What about inclusive and sustainable industrialization? How can we help small-scale enterprises in developing countries access financial services, value chains and markets?

Reaching those left behind with market services requires adaptation of existing market systems. Although understanding of how markets work for those living in poverty has improved, many approaches to market development still fail to be truly participatory. Practical Action has developed and pioneered the Participatory Market System Development (PMSD) approach, designed to make markets more inclusive, to reach more people and to reduce poverty in a sustainable way.

The critical elements of PMSD are:

· Participation: Change in market systems is dependent on the decisions and actions of all actors — we must bring together diverse strategic players to realize meaningful change

· Systems thinking: Markets are complex adaptive systems made up of many actors who influence each other — we must understand and build upon the relationships and interactions between actors

· Facilitation: NGOs should not become market actors — to create sustainable change, NGOs should facilitate the conditions for public and private-market actors to drive change themselves

What does this mean in practice?

In Kenya, Christian Aid, Practical Action Consulting and the Kenya Honey Council have used a PMSD approach to bring together different actors in the honey sector, and identify constraints to market access for marginalized, rural honey producers. Of the constraints identified, Christian Aid has chosen to focus on two: access to finance and access to markets. Their development model utilizes “honey hubs.” These hubs apply quality control, develop relationships with buyers and service providers, and guarantee access to finance. This approach can pave the way for small producers throughout the world to develop by solving problems, bringing better access to finance and markets, and identifying the actors needed to achieve change.

Innovation

To support these changes, we must find new ways of ensuring scientific research, support innovation and improved technological capability in developing countries.

Both private and public actors should increase investment in research and development (R&D), to focus on solving the challenges facing the two billion living in a way that guarantees a sustainable future for all. Today’s innovation efforts are skewed. The vast amount of R&D addresses the needs of wealthy consumers and producers. For example, only 10 percent of worldwide expenditure on health research is spent on problems that affect 90 percent of the world’s population.
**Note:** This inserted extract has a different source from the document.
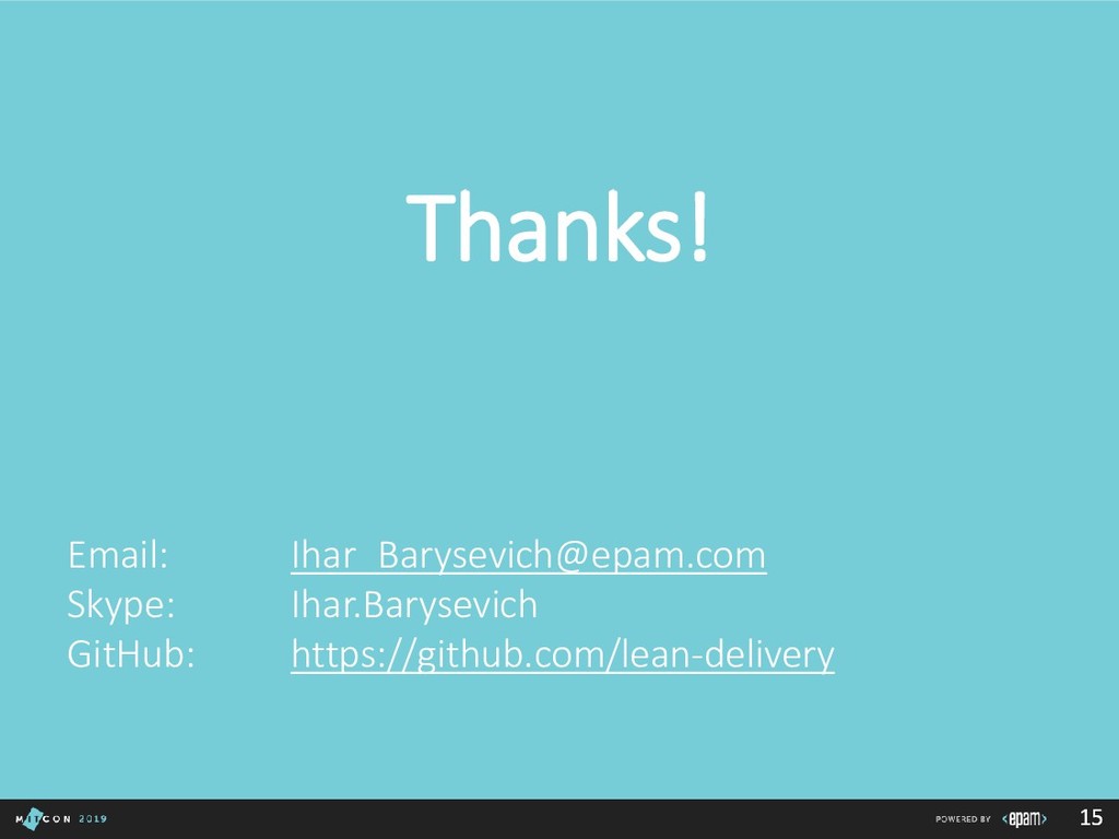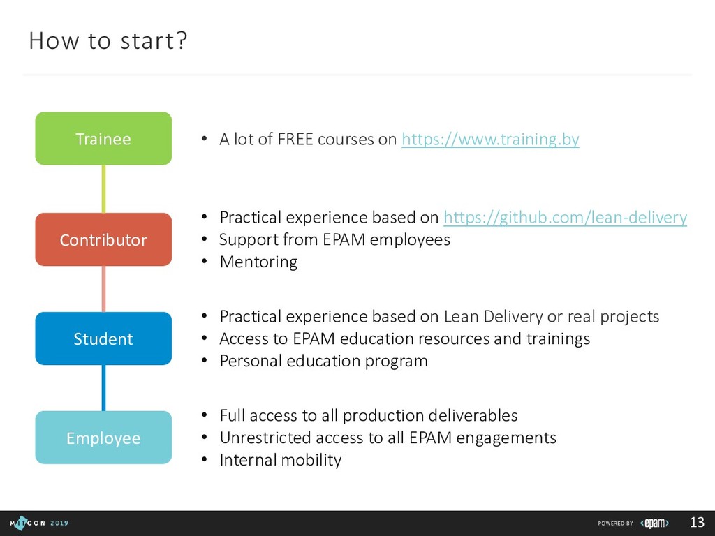lot of FREE courses on https://www.training.by • Practical experience based on https://github.com/lean-delivery • Support from EPAM employees • Mentoring • Practical experience based on Lean Delivery or real projects • Access to EPAM education resources and trainings • Personal education program • Full access to all production deliverables • Unrestricted access to all EPAM engagements • Internal mobility
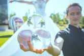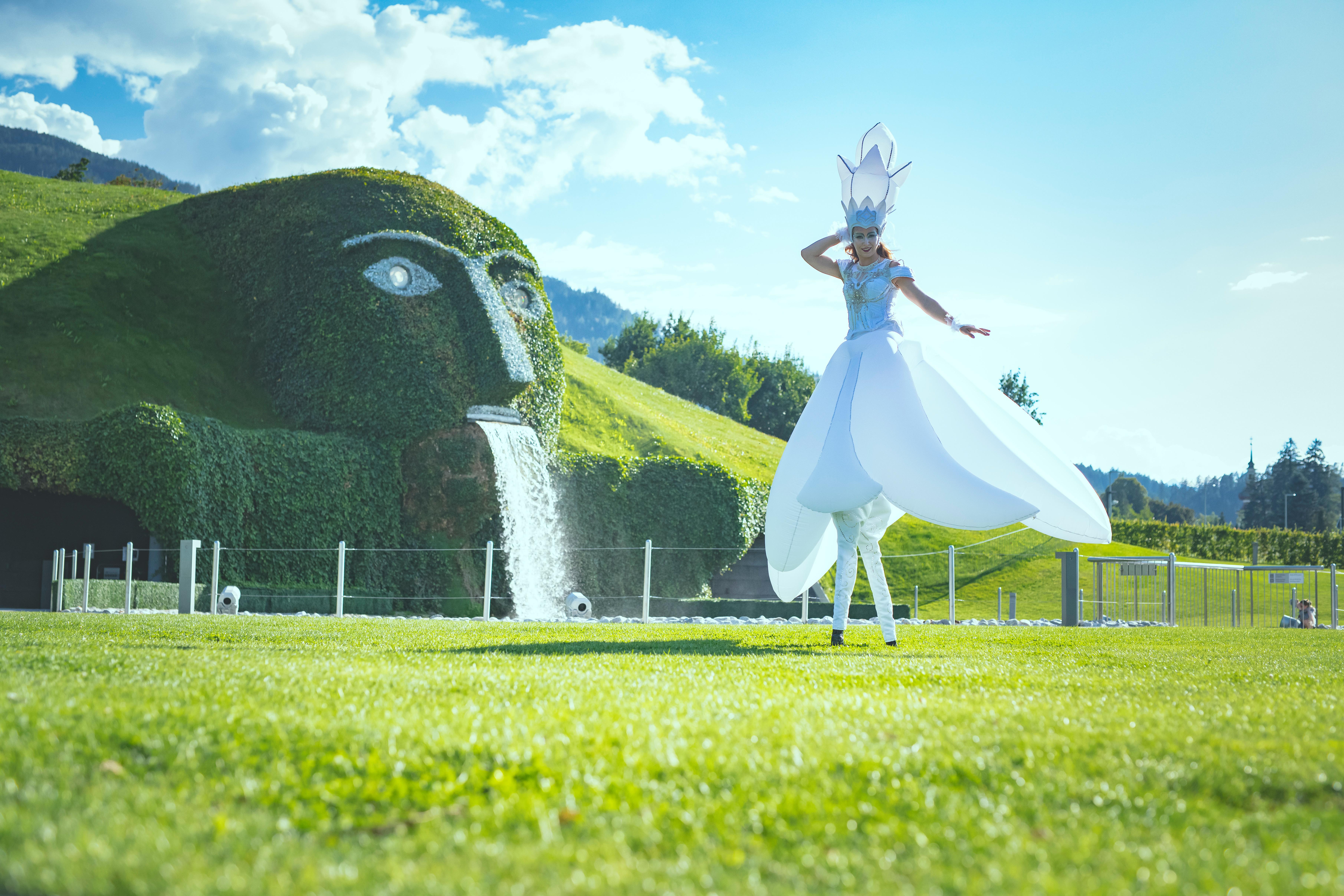 Eine Riesin im Garten des Riesen? Die Besucher der Swarovski Kristallwelten werden ihren Augen kaum trauen, wirkt dieses erstaunlich große und doch zarte Wesen doch wie aus einer anderen Dimension. Miriam van der Neut verzaubert nicht nur durch ihre Erscheinung, sondern verbreitet kristalline Magie mit Kristallen von Swarovski, die sie an die Besucher verteilt.

To ensure that R&D targets those left behind, improves their well-being and does not exacerbate existing inequalities, R&D efforts need to be informed by the principles ofTechnology Justice:

  • Equitable access: technologies should be designed to be accessible to those who need them the most
  • Responsible innovation: new technologies should meet the needs of those left behind and increase their well being
  • Sustainable use: technologies should be designed to achieve these aims without harming others or the environment, and without compromising the ability of future generations to do the same

Achieving sustainable development for all means reaching those that have been left behind; infrastructure that meets their needs, industrialization that includes all market actors, and innovation that is truly just.